Bölgenin turizm kaynaklarını şöyle özetleyebiliriz:
Bu bölgenin dünyanın en eski uygarlıklarına ve üç büyük dünya dinine (Yahudilik, Hıristiyanlık ve İslam) yol açması nedeniyle çok sayıda kültürel cazibe merkezi. Antik çağda Yunanlılar ve Romalılar da dahil olmak üzere birbirini takip eden işgalcilerin ardından Batı Avrupa’dan Kutsal Topraklara giden hacı yollarını savunan Haçlılar izlerini bırakmışlardır. Bununla birlikte, birkaç ülkede yapılan karasal kültürel turlar, bölgedeki siyasi durum nedeniyle Avrupa’dakiyle aynı ölçüde gelişmemiştir.

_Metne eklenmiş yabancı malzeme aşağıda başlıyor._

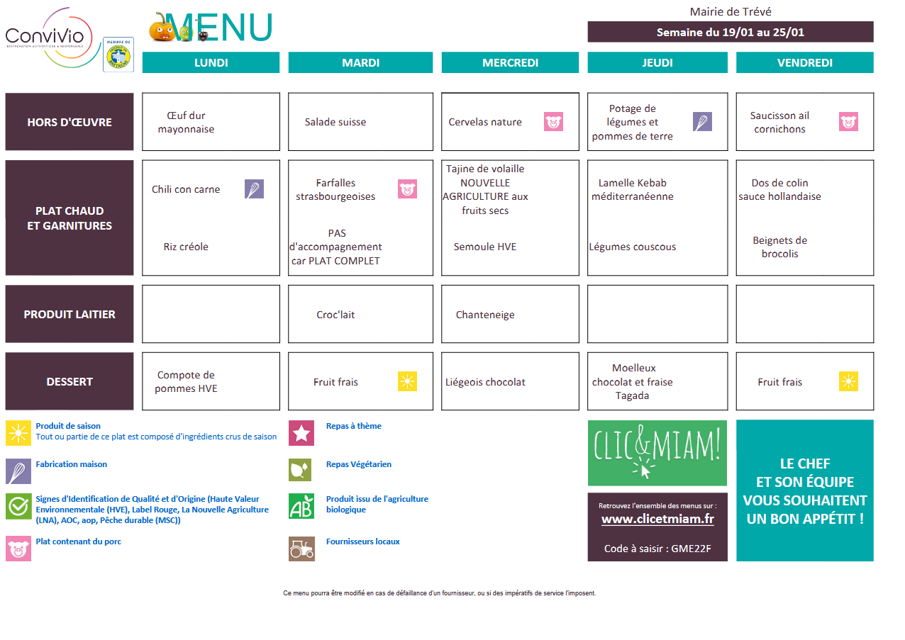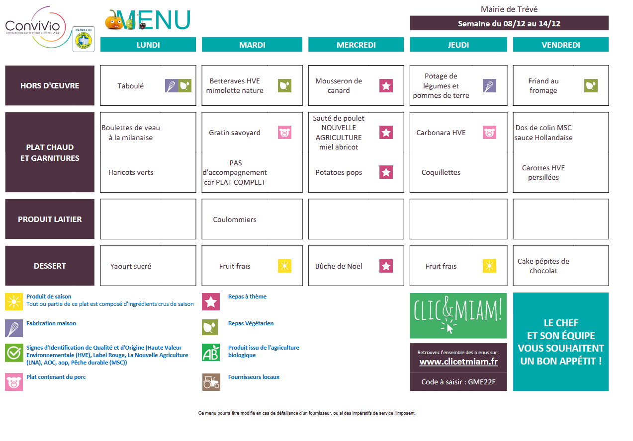 Menu du mois de novembre et décembre 2025

Plaj turizmi için genellikle elverişli bir iklim olmasına rağmen, bazı ülkelerde bu kültürel ve dini tutumlarla sınırlıdır. Giderek artan sayıda turist rekreasyon ve rahatlama uğruna bölgeyi ziyaret etmektedir. Tatil köyleri ihtiyaçlarını karşılamak için gelişmiştir, ancak Türkiye, İsrail ve Dubai hariç tesisler genellikle batı Akdeniz’dekilerle aynı standartta değildir.
Bölgenin bazı dağlık bölgelerinde kış sporları için fırsatlar vardır. Şu anda, tatil köyleri küçük iç pazarın ihtiyaçlarını karşılamak için gelişmiştir ve genellikle uluslararası standartlara göre iyi donanımlı değildir. Daha erişilebilir dağ ve çöl alanlarında macera tatilleri için de bir alan vardır. Ekoturizm, İsrail ve Ürdün dışında çok az ilerleme kaydetmiştir.
Bölgede turizme yönelik başlıca tehditler iki yönlüdür:
● Birincisi, siyasi durum bölgenin turizm potansiyelini gerçekleştirmesini önlemede önemli bir faktör olmuştur.
● İkincisi, bölgenin benzersiz cazibesi antik çağlarda ve kültürel mekanlarda yatmaktadır. Bunlar dikkatli bir yönetime ihtiyaç duyar ve ziyaretçileri alabilmek için sınırlı kapasiteye sahiptir. Bu, eğer bu cazibe merkezleri gelecek nesiller için kullanılabilir kalacaksa, bölgenin çekebileceği turist sayısında bir sınır olduğu anlamına gelir.